TRY IT
Only the lines below between the one holding "10月12日下午李克強總理來" and the one holding "パールがポイントで防寒も可愛く♪", inclusive, are to be reproduced word for word; the pictures are to be left out.

THE DATA
☆ ☆ ☆ ☆ ☆ ☆ ☆
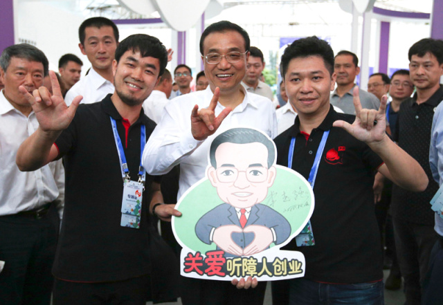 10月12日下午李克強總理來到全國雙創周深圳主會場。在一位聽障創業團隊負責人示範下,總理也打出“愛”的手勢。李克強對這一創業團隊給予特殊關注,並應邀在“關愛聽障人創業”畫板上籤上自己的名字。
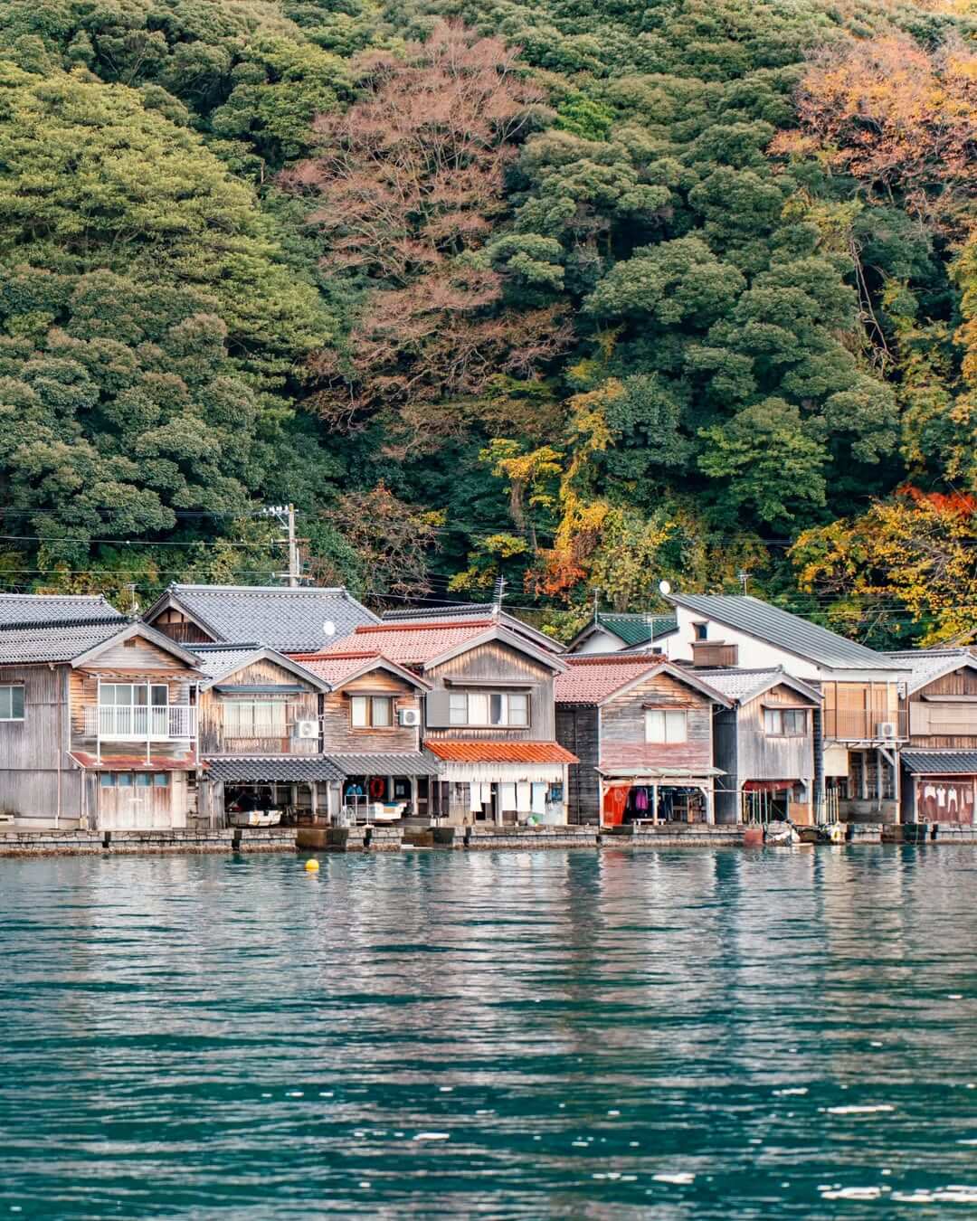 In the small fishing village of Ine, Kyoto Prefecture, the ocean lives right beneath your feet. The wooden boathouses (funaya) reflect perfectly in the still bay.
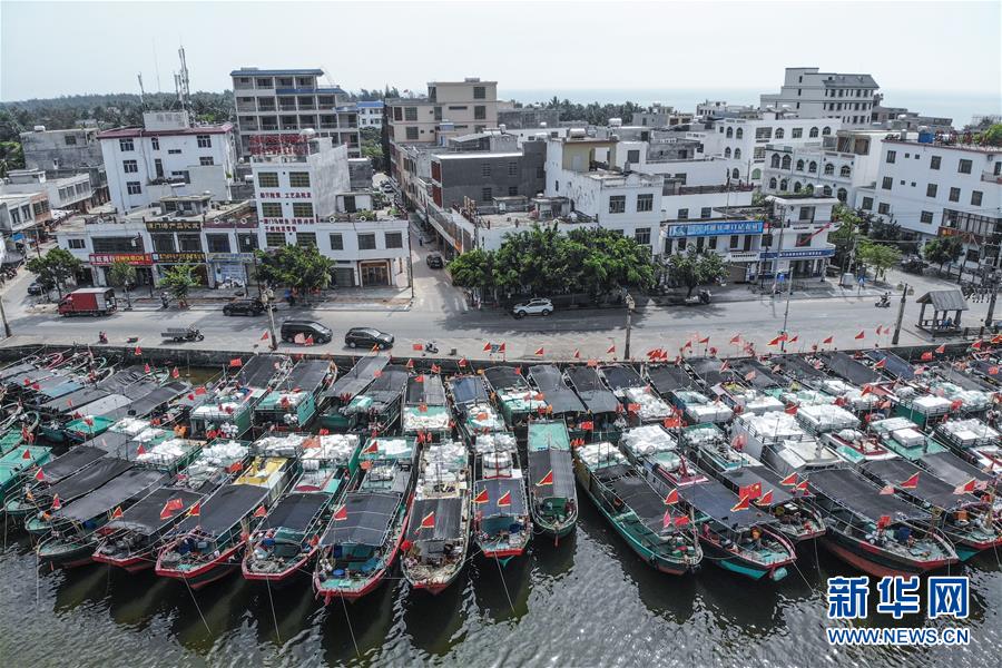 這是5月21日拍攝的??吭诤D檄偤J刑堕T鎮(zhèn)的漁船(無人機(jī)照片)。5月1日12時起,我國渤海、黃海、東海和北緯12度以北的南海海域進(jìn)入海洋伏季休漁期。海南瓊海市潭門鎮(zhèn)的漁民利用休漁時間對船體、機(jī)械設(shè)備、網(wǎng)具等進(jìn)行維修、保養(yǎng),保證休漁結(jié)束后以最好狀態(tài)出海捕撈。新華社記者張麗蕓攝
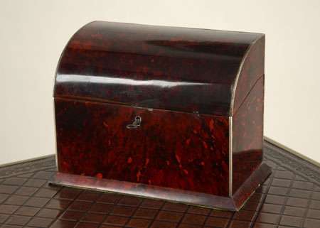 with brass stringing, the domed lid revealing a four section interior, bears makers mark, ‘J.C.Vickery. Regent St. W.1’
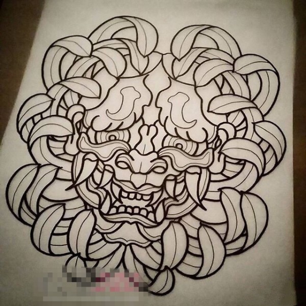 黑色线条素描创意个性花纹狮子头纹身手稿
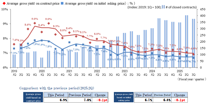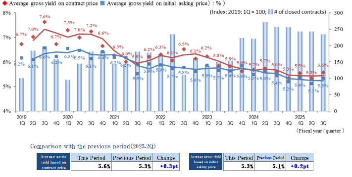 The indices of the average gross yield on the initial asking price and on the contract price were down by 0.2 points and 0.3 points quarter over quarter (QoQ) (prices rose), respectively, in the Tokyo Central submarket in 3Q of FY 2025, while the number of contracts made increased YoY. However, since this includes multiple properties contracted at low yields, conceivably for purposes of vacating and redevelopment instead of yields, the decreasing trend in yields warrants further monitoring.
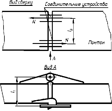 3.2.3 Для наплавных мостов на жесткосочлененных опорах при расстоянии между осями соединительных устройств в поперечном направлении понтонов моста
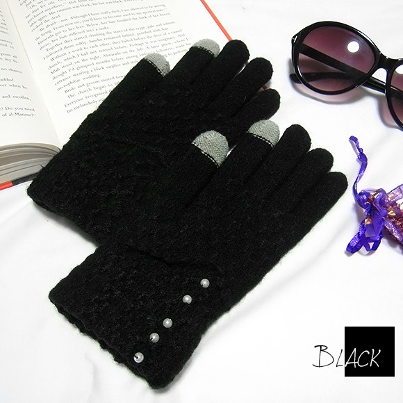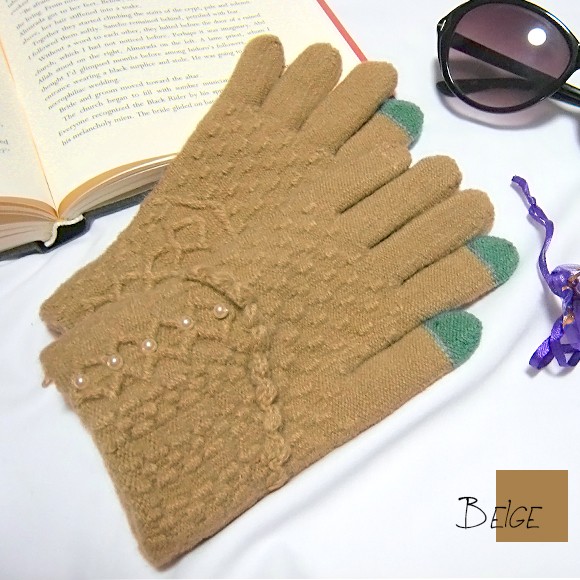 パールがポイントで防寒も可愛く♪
☆ ☆ ☆ ☆ ☆ ☆ ☆
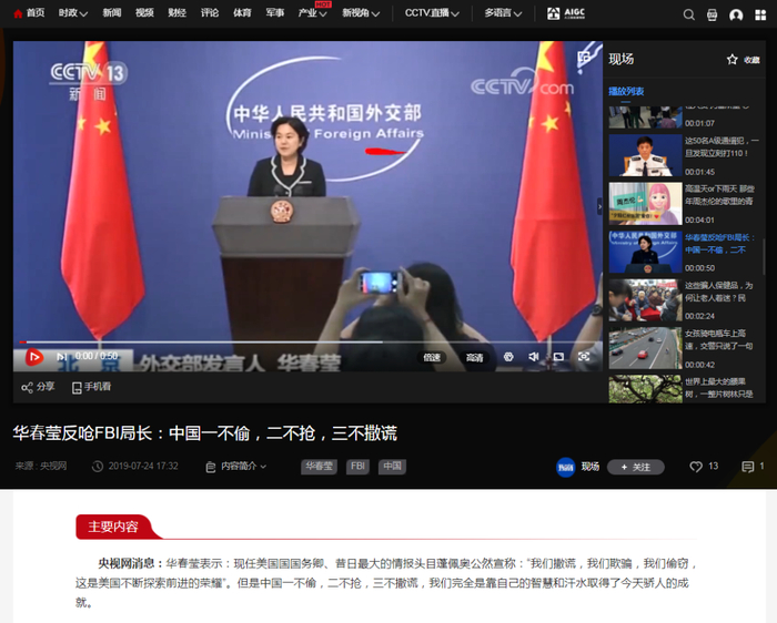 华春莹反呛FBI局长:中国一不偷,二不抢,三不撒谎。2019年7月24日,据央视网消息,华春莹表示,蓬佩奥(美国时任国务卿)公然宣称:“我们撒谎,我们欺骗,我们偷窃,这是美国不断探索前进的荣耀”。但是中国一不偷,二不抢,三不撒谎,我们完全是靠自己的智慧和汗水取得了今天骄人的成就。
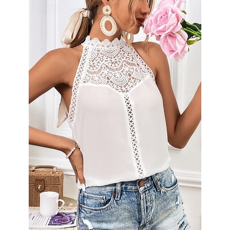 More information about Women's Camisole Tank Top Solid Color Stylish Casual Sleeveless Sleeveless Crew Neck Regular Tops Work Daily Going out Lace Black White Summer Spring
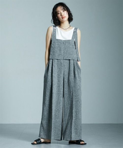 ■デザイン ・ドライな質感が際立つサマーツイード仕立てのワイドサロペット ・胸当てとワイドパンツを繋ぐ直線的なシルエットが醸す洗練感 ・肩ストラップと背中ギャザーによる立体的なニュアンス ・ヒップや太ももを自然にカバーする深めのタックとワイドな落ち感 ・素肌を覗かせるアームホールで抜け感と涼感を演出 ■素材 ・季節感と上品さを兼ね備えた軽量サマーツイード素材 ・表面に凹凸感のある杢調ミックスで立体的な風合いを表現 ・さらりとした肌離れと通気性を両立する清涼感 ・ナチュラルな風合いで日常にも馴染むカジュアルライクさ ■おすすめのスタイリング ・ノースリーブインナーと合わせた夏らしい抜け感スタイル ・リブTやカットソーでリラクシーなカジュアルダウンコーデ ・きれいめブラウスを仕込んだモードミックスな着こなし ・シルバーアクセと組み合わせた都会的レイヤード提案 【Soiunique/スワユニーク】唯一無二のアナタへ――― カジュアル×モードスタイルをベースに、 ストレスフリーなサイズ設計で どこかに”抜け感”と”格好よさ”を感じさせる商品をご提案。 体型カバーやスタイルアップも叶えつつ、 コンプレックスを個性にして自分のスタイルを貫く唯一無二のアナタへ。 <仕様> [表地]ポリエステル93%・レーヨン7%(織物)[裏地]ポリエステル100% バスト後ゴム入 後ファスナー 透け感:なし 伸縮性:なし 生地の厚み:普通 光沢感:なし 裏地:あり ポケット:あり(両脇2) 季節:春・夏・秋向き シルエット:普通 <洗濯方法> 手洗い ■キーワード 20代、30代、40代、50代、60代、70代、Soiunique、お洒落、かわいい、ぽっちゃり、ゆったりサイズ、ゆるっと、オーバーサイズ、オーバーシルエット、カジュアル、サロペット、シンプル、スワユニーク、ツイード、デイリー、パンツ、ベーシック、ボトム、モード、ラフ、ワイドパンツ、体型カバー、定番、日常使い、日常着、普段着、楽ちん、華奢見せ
☆ ☆ ☆ ☆ ☆ ☆ ☆
REPLY
 10月12日下午李克強總理來到全國雙創周深圳主會場。在一位聽障創業團隊負責人示範下,總理也打出“愛”的手勢。李克強對這一創業團隊給予特殊關注,並應邀在“關愛聽障人創業”畫板上籤上自己的名字。
 In the small fishing village of Ine, Kyoto Prefecture, the ocean lives right beneath your feet. The wooden boathouses (funaya) reflect perfectly in the still bay.
 這是5月21日拍攝的??吭诤D檄偤J刑堕T鎮(zhèn)的漁船(無人機(jī)照片)。5月1日12時起,我國渤海、黃海、東海和北緯12度以北的南海海域進(jìn)入海洋伏季休漁期。海南瓊海市潭門鎮(zhèn)的漁民利用休漁時間對船體、機(jī)械設(shè)備、網(wǎng)具等進(jìn)行維修、保養(yǎng),保證休漁結(jié)束后以最好狀態(tài)出海捕撈。新華社記者張麗蕓攝
 with brass stringing, the domed lid revealing a four section interior, bears makers mark, ‘J.C.Vickery. Regent St. W.1’
 黑色线条素描创意个性花纹狮子头纹身手稿
 The indices of the average gross yield on the initial asking price and on the contract price were down by 0.2 points and 0.3 points quarter over quarter (QoQ) (prices rose), respectively, in the Tokyo Central submarket in 3Q of FY 2025, while the number of contracts made increased YoY. However, since this includes multiple properties contracted at low yields, conceivably for purposes of vacating and redevelopment instead of yields, the decreasing trend in yields warrants further monitoring.
 3.2.3 Для наплавных мостов на жесткосочлененных опорах при расстоянии между осями соединительных устройств в поперечном направлении понтонов моста
 パールがポイントで防寒も可愛く♪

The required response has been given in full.